Enfin, le programme d'austérité prévoyait notamment la réduction de 15% des salaires des fonctionnaires, la suppression des primes de vacances ou encore la réduction des allocations de congé maternité et des indemnités de chômage. Son objectif était de réduire le déficit de l'Etat qui, depuis 2008, dépasse le cap des 3% du PIB. Cependant, malgré sa rigueur budgétaire, la Slovénie a enregistré en 2013 un déficit de 14,7% du PIB. Il devrait être de 4,1% en 2014.

C'est pourquoi, la Commission européenne appelle le gouvernement de Ljubljana à la vigilance. L'exécutif européen a en effet publié en mars 2014, dans le cadre du semestre européen, une liste de 14 Etats membres connaissant des déséquilibres macroéconomiques : la Slovénie en fait partie. Pour Bruxelles, les mesures prises en 2013 par le gouvernement de Ljubljana ne sont pas suffisantes pour ramener le déficit du pays sous la barre des 3%.

Outre son déficit, le gouvernement slovène doit également trouver des ressources pour réduire sa dette publique. Les critères de Maastricht prévoient que l'endettement d'un Etat membre ne doit pas dépasser le cap des 60% du PIB. En 2012, la Slovénie affichait une dette de 54,4% du PIB, mais ce chiffre devrait passer à 71,7% en 2013 d'après le bureau national des statistiques de Ljubljana. Trop pour un pays membre de la zone euro.

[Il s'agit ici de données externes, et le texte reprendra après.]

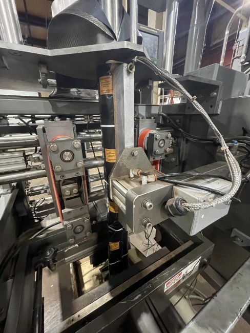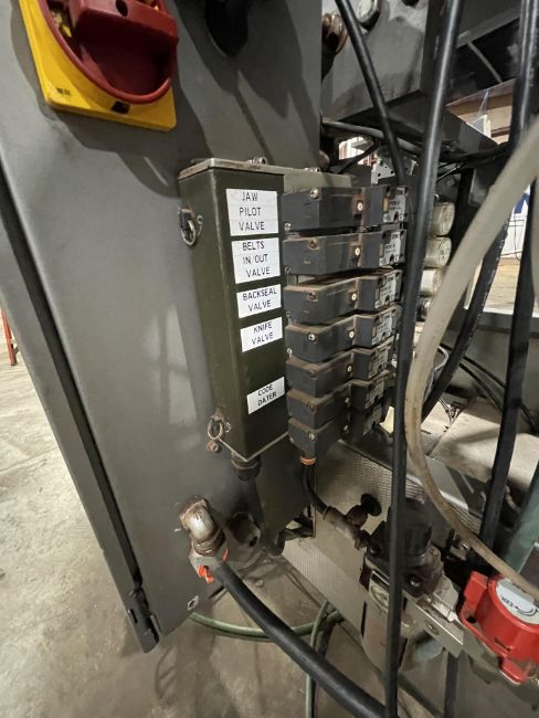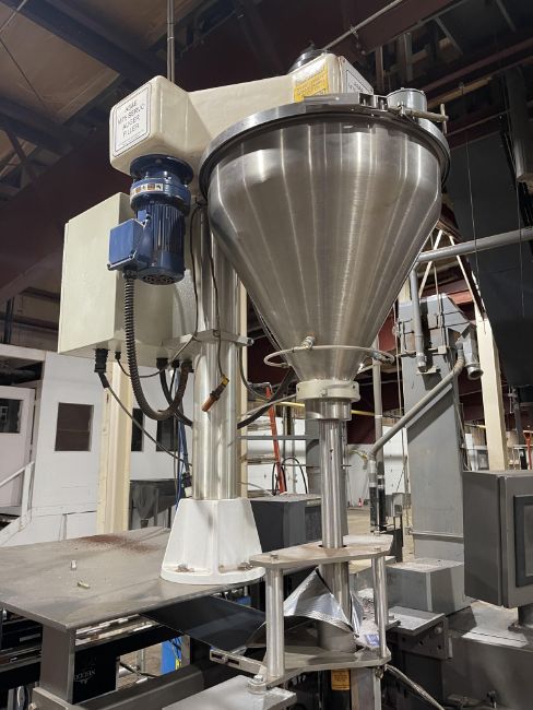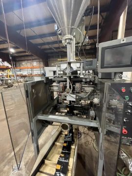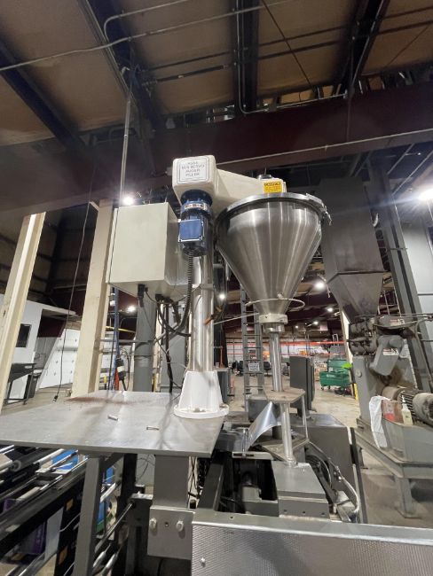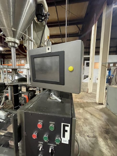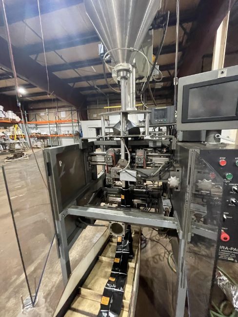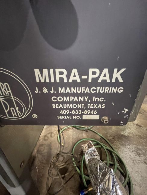 MIRA-PAK VERTICAL FORM FILL AND SEAL (VFFS), AUTOMATION SUPPLY AND ENGINEERING (AS&E) M75 SERVO AUGER FILLER, MODEL 75 SERVO AUGER FILLER, S/N 1586 MARCH 16, 2009, OUTFEED INCLINE CONVEYOR APPROX. 96" L X 12" W X 40" H, PREVIOUSLY RUNNING 60-70 BPM, UP TO 2-1/2 FRAC PAK, APPROX. 15" W SEAL JAWS, (4) FORMING HEADS INCLUDING INSTALLED HEAD, (2) FORMING HEAD FOR 9-5/8 WIDTH FILM, (2) FORMING HEAD FOR 9-1/8 WIDTH FILM, MARKEM IMAJE SMART DATE 5 DATE CODER, REPORTED 60-70 BAGS PER MINUTE, CONTROL CABINET WITH HMI, 240 V, 3 PHASE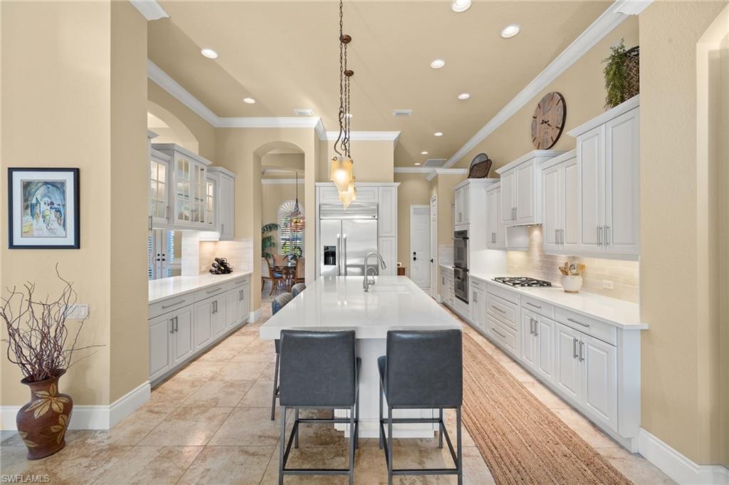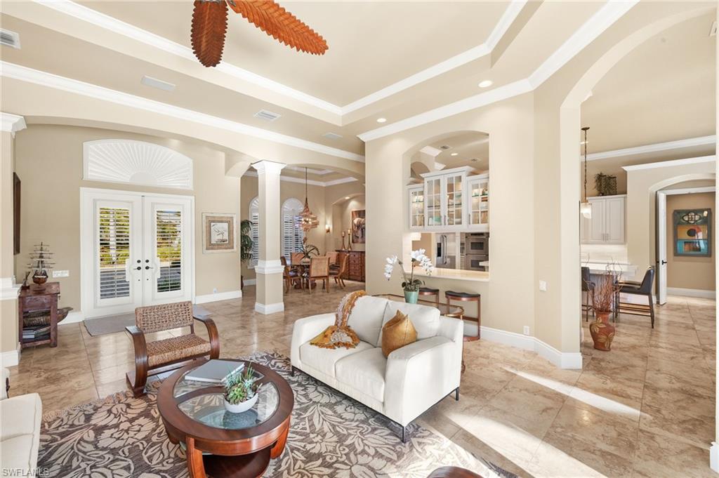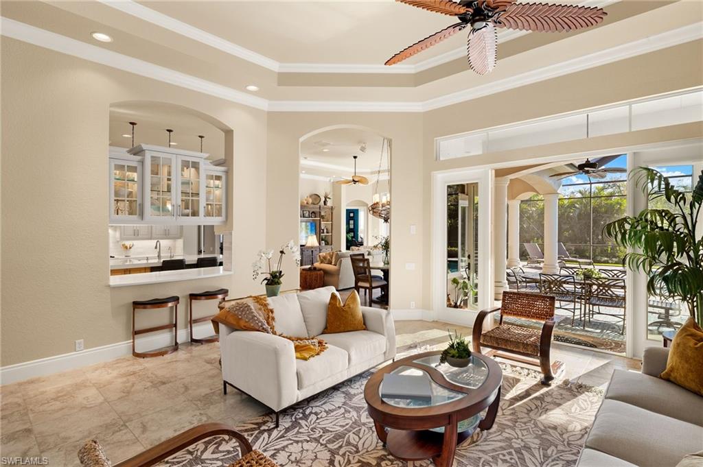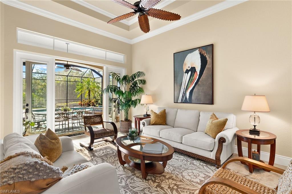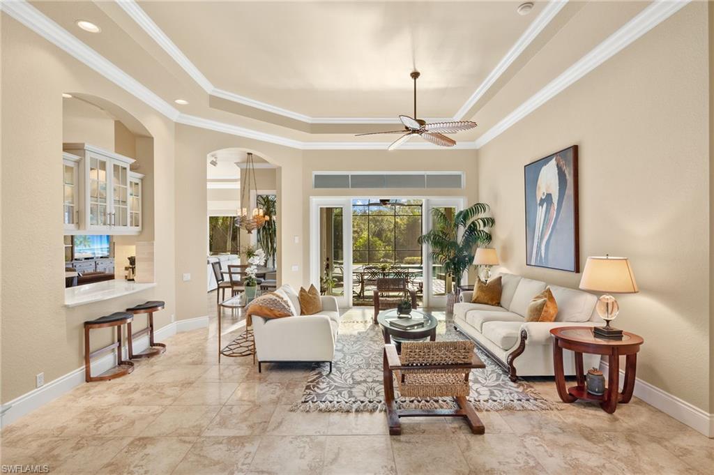 Incredible opportunity to own this meticulously kept and completely move-in-ready Arthur Rutenberg custom estate home, WITH A FULL PREMIER GOLF MEMBERSHIP AVAILABLE, bypassing the waitlist—to the private 18-hole Pete and PB Dye designed golf course. Upon entering the elegant double glass front doors, you are greeted with soaring tray ceilings coupled with double-tiered crown molding and stunning Eastern preserve views, offering complete privacy on the expansive lanai with saltwater pool and spa. This home offers three large bedrooms plus a sizable den and three full bathrooms. It is loaded with spectacular upgrades and features, including an oversized circular driveway with a side-load three-car garage, impact glass doors and windows, a whole-house generator, an outdoor fireplace, an elegant, renovated chef's kitchen with natural gas, 20-inch neutral tile, and an exceptional custom garage with storage racks, built-in cabinets, and epoxy-coated flooring. West Bay offers something for everyone and every lifestyle, including a private beach club with full-service dining options, championship golf, a resort-style pool with restaurant, active tennis and pickleball programs, bocce courts, a private dog park, and state-of-the-art fitness facilities. West Bay’s River Park is located on the Estero River and features a fishing pier, boat launch with Gulf access, boat storage, kayaks/canoes, picnic areas, a basketball court, a playground, and a walking trail. The community of West Bay is ideally located west of 41 and surrounded by numerous dining, shopping, and entertainment options. Do not miss your chance to purchase this beautiful home immersed in an incredible lifestyle!

Elections en vue, après la crise politique

Le 5 mai 2014, la Première ministre slovène, Alenka Bratušek - première femme élue à la tête du pays - a démissionné de ses fonctions. Cette décision a été prise suite à la défaite de Mme Bratušek lors des primaires organisées par son parti, Slovénie positive, au profit du maire de Ljubljana, Zoran Jankovic. Au pouvoir depuis à peine treize mois, Alenka Bratušek est le troisième chef de gouvernement à abandonner son poste avant la fin du mandat. 

Alors que l'économie du pays demeure fragile, les Slovènes seront probablement appelés aux urnes une deuxième fois après les élections européennes. Cette fois-ci, pour élire leurs députés nationaux et, indirectement, leur nouvel exécutif. Si ce dernier ne sera pas en mesure de gouverner jusqu'à la fin de son mandat, la crise économique pourrait faire son retour dans le pays. 

Aux élections européennes, les mouvements de centre droite devraient remporter la majorité des huit sièges attribués à la Slovénie. Selon un sondage réalisé le 15 mai par Ninamedia, le Parti démocratique slovène (membre du PPE) de l'ex-Premier ministre Janez Janša sera choisi par 12% des électeurs. Deux autres formations de centre droite et inscrites au PPE, Nova Slovenija et le Parti populaire slovène, devraient remporter ensemble près de 10% des voix.

Le parti de l'ex Première ministre, Alenka Bratušek, s'attend ainsi à une défaite lors du scrutin européen. Sa formation n'obtiendra que 4,4% des voix, selon le sondage. Et dans son ensemble, la gauche slovène ne devrait pas dépasser le cap des 16%. Selon une partie de la presse slovène, l'ancienne chef du gouvernement envisagerait déjà un déménagement à Bruxelles : elle pourrait en effet se proposer comme commissaire européen, pour succéder à Janez Potočnik (Environnement) qui ne se portera pas candidat.